[DATASET RECORDS — start]
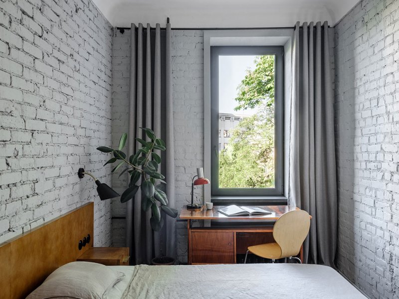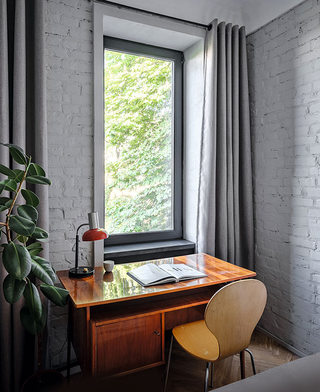 Поверхности стен оставили в голом кирпиче — такая отделка перекликается с фасадом, — а потолки подновили с помощью штукатурки, изготовленной по старой методике. Мебель в основном родом из cередины ХХ века. Найденный на барахолках советский винтаж архитектор соединил с классикой от Жана Пруве и Арне Якобсена.
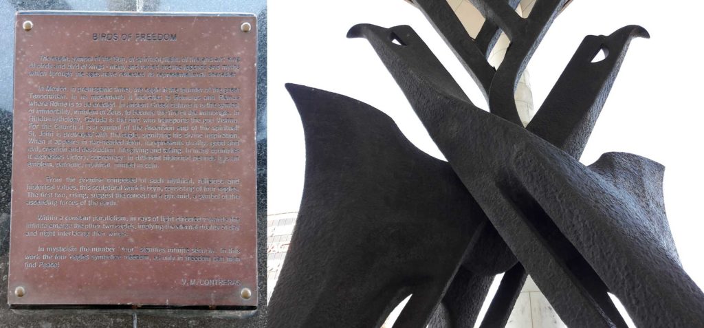 “Birds of Freedom,” installed by Mexican artist Victor Manuel Contreras in 1982, is at the entrance to the Pyramid Building (on the north side of Loop 410, across the highway from North Star Mall.) In the words of the artist, “The eagle, symbol of the Sun, of spiritual flight, of fire and air, king of birds and bird of kings, many and varied are the legends and myths which through the ages have reflected the representational character. In Mexico, in prehistoric times, the eagle is the founder of the great Tenochtitlan [site of current Mexico City]. In its movements it indicates Romulus and Remus where Rome is to be erected. In ancient Greek culture it is the symbol of immortality, emblem of Zeus, to become the fire of the immortals. In Hindu mythology, Garuda is the bird who transports the god Vishnu. For the church it is a symbol of the Ascension and of the spiritual. St. John is portrayed with the eagle, signifying his divine inspiration. When it appears in two-headed form, it represents duality, good and evil, creation and destruction, life giving and taking. In many countries it expresses victory, supremacy, in different historical periods it is an emblem, patriotic, mythical, minted in coin. From the premise composed of such mythical, religious and historical values, this sculptural work is born, consisting of four eagles. The first two, rising, suggest the concept of a pyramid, a symbol of the ascending forces of the earth. Within a constant parallelism, in rays of light directed towards the infinite emerge the other two eagles, implying the eternal duality of day and night interlacing their wings. In mysticism the number “four” signifies infinite security. In this work the four eagles symbolize freedom, as only in freedom can man find Peace!”
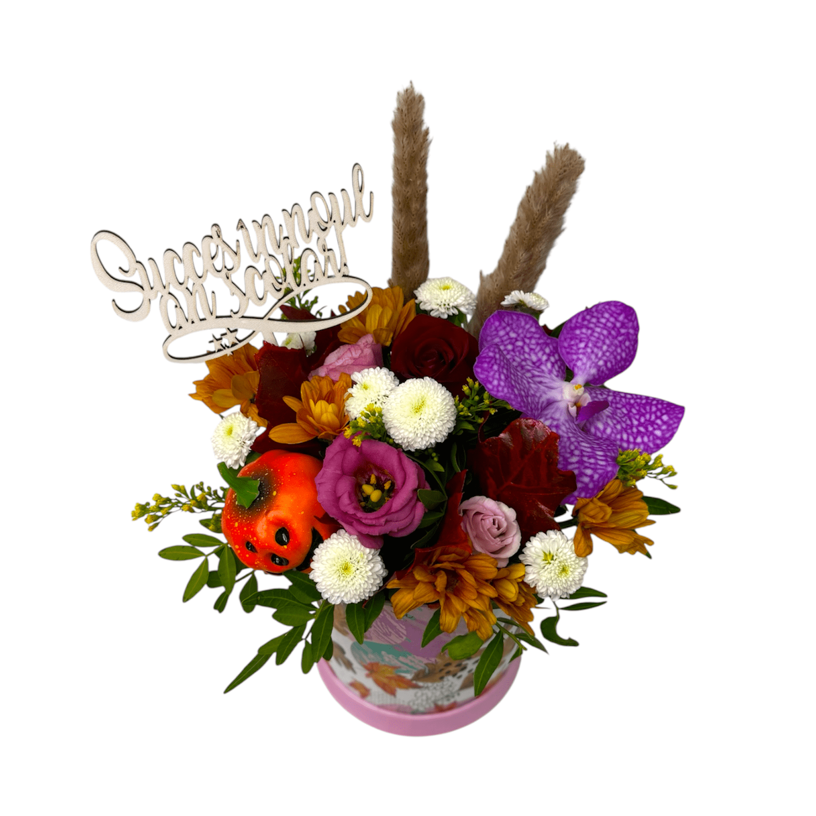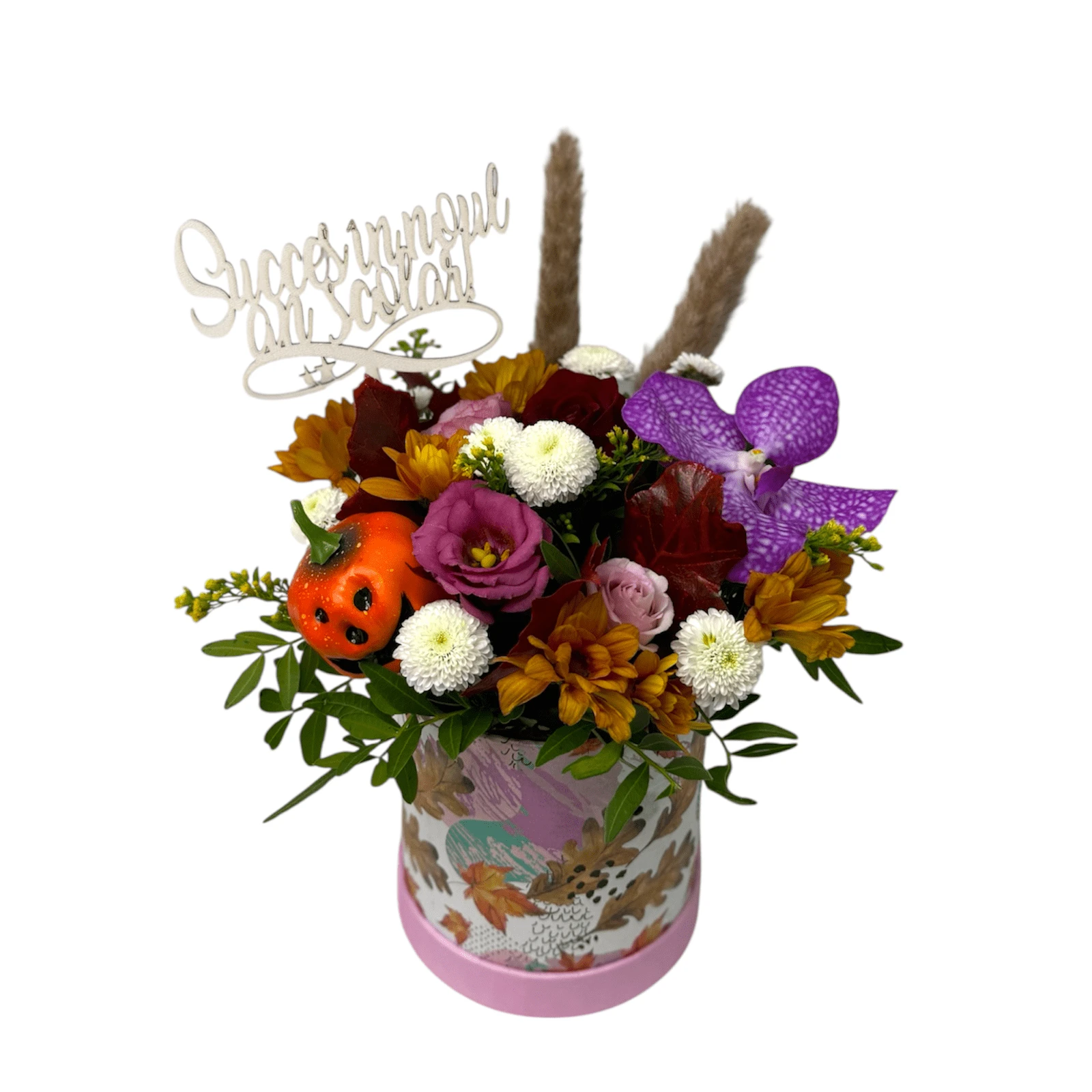 Aranjament de toamna in cutie cu flori de sezon, crizanteme, Lisianthus, Orhidee și frunze de decor.
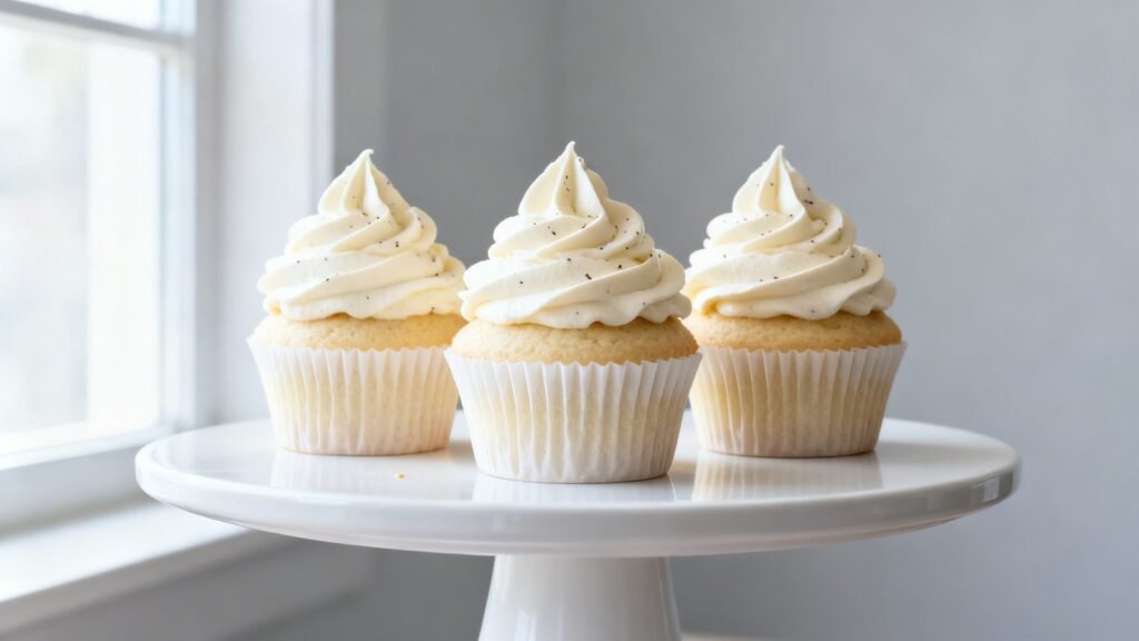 - Whisk in eggs one at a time, then vanilla. The mixture should look shiny and cohesive.
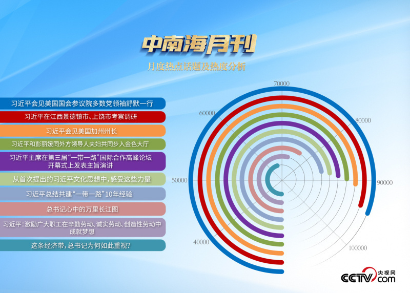 央視網“智聞”系統提取分析10月全網時政新聞熱點顯示,“習近平主席會見美國國會參議院多數黨領袖舒默一行”“習近平會見美國加州州長”“習近平主持召開進一步推動長江經濟帶高質量發展座談會”等話題最受網民關注。
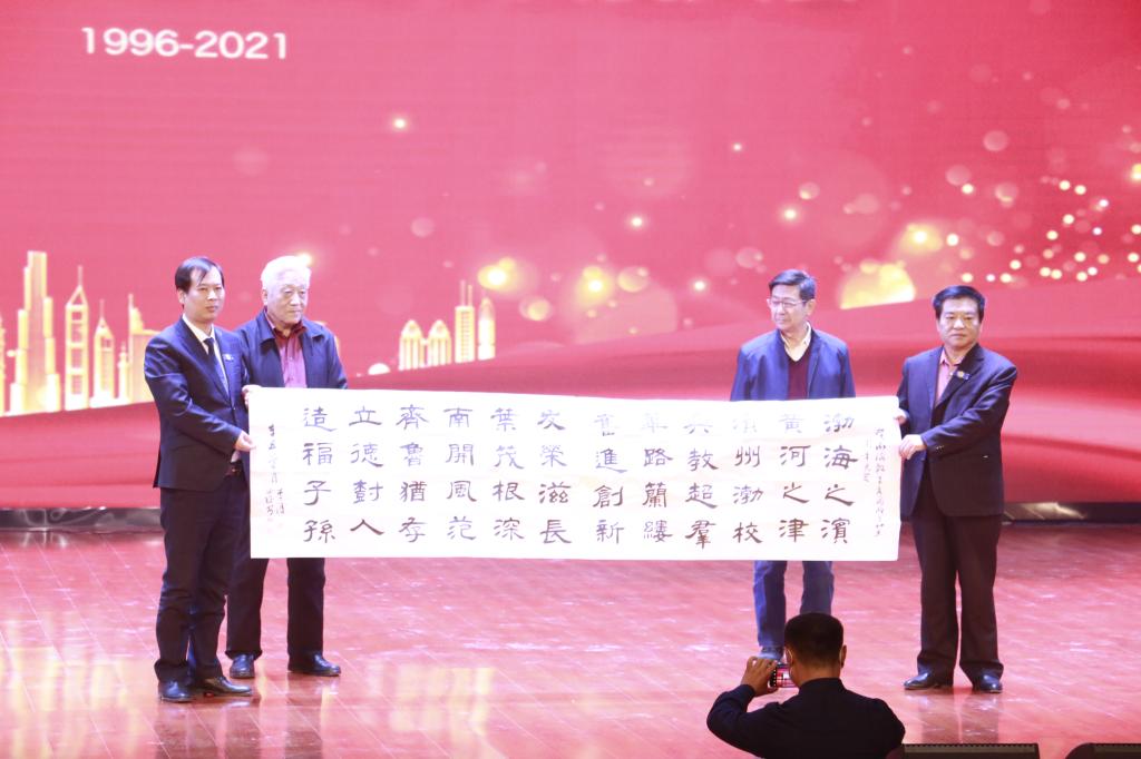 集团周年庆典得到了友好学校的广泛关注,山东省北镇中学、滨州实验学校、北京21世纪学校、潍坊职业学院、滨州职业学院、山东协和学院、德州云天教育集团、天津南开中学、新疆鸿德实验学校等友好学校发来贺信。山东省北镇中学党委书记、校长李东海同志在庆典大会现场宣读了贺信,南开中学原党总支书记田福安、校友会秘书长李溥亲自为集团周年庆撰写书法贺词,共同祝贺渤海集团25岁生日。
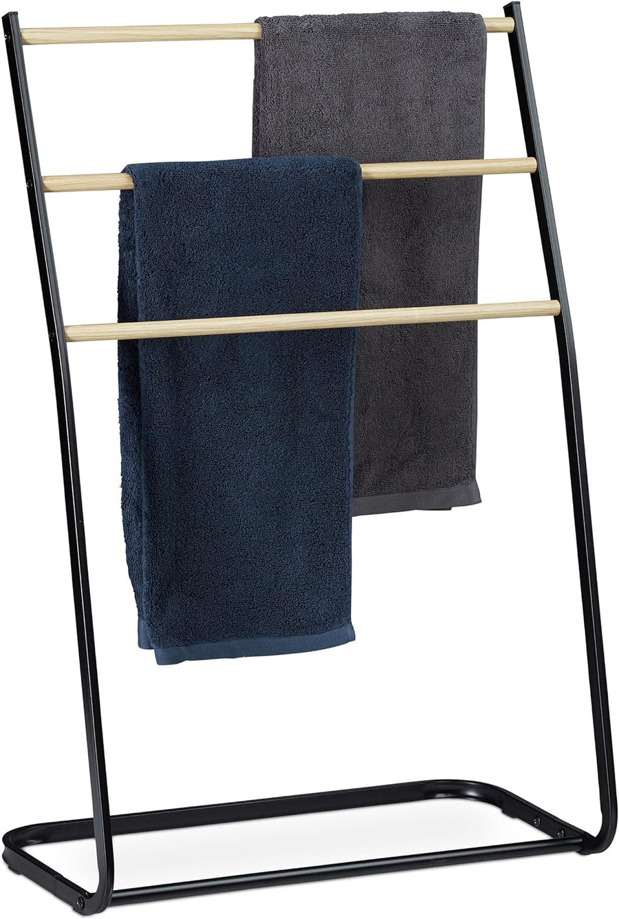 Relaxdays Handtuchhalter stehend, Metall, 3 Sprossen in Holzoptik, für Handtücher & Kleidung, HxBxT
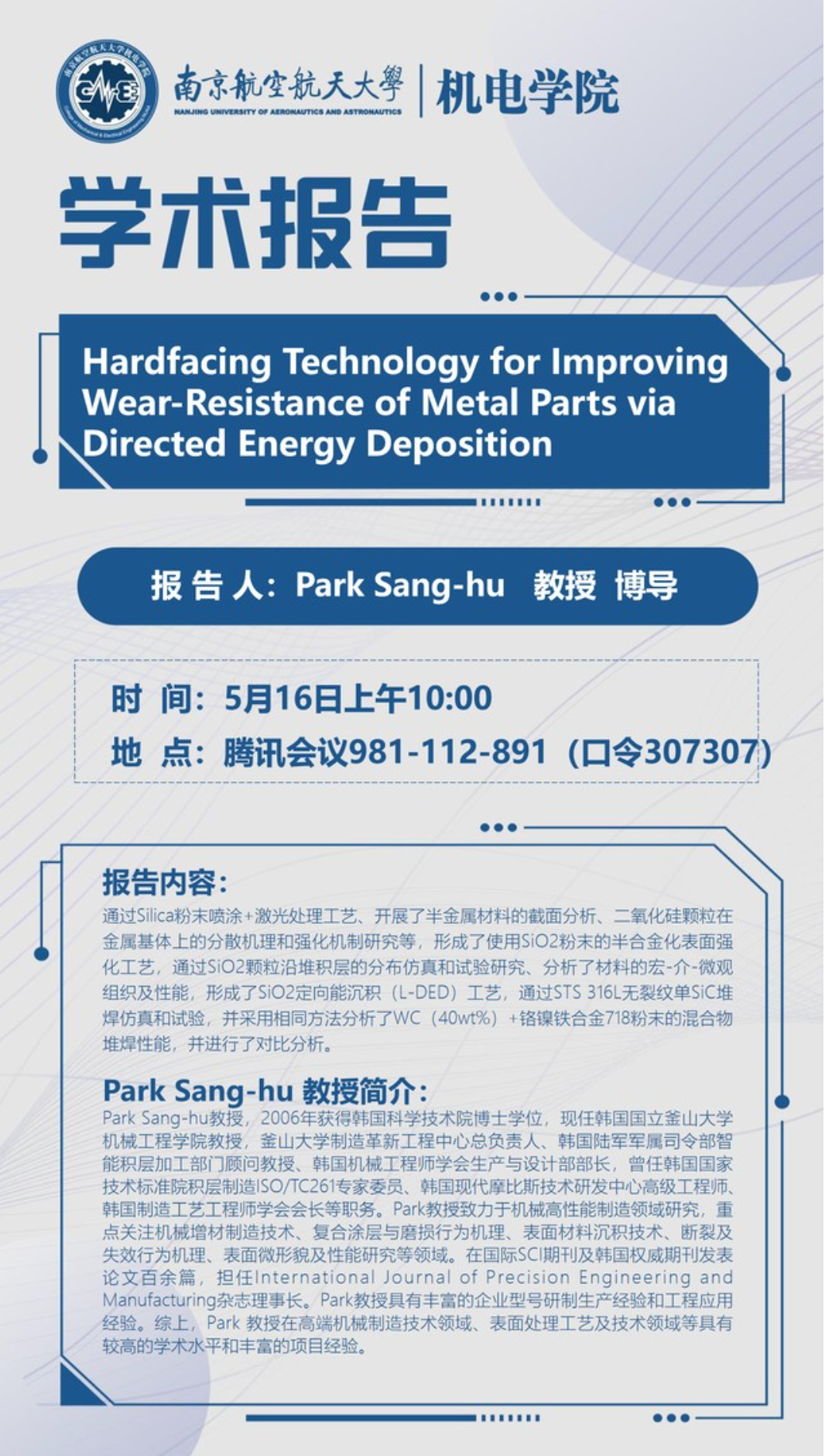 报告地点 : 腾讯会议981-112-891(口令307307)
[DATASET RECORDS — finish]
◆ PROBLEM DESCRIPTION:
Write out an exact reproduction of the lines from the line that holds "- Whisk in eggs" to the bottom of the listing above, both ends included. Exclude pictures.

◆ TASK ANSWER:
 - Whisk in eggs one at a time, then vanilla. The mixture should look shiny and cohesive.
 央視網“智聞”系統提取分析10月全網時政新聞熱點顯示,“習近平主席會見美國國會參議院多數黨領袖舒默一行”“習近平會見美國加州州長”“習近平主持召開進一步推動長江經濟帶高質量發展座談會”等話題最受網民關注。
 集团周年庆典得到了友好学校的广泛关注,山东省北镇中学、滨州实验学校、北京21世纪学校、潍坊职业学院、滨州职业学院、山东协和学院、德州云天教育集团、天津南开中学、新疆鸿德实验学校等友好学校发来贺信。山东省北镇中学党委书记、校长李东海同志在庆典大会现场宣读了贺信,南开中学原党总支书记田福安、校友会秘书长李溥亲自为集团周年庆撰写书法贺词,共同祝贺渤海集团25岁生日。
 Relaxdays Handtuchhalter stehend, Metall, 3 Sprossen in Holzoptik, für Handtücher & Kleidung, HxBxT
 报告地点 : 腾讯会议981-112-891(口令307307)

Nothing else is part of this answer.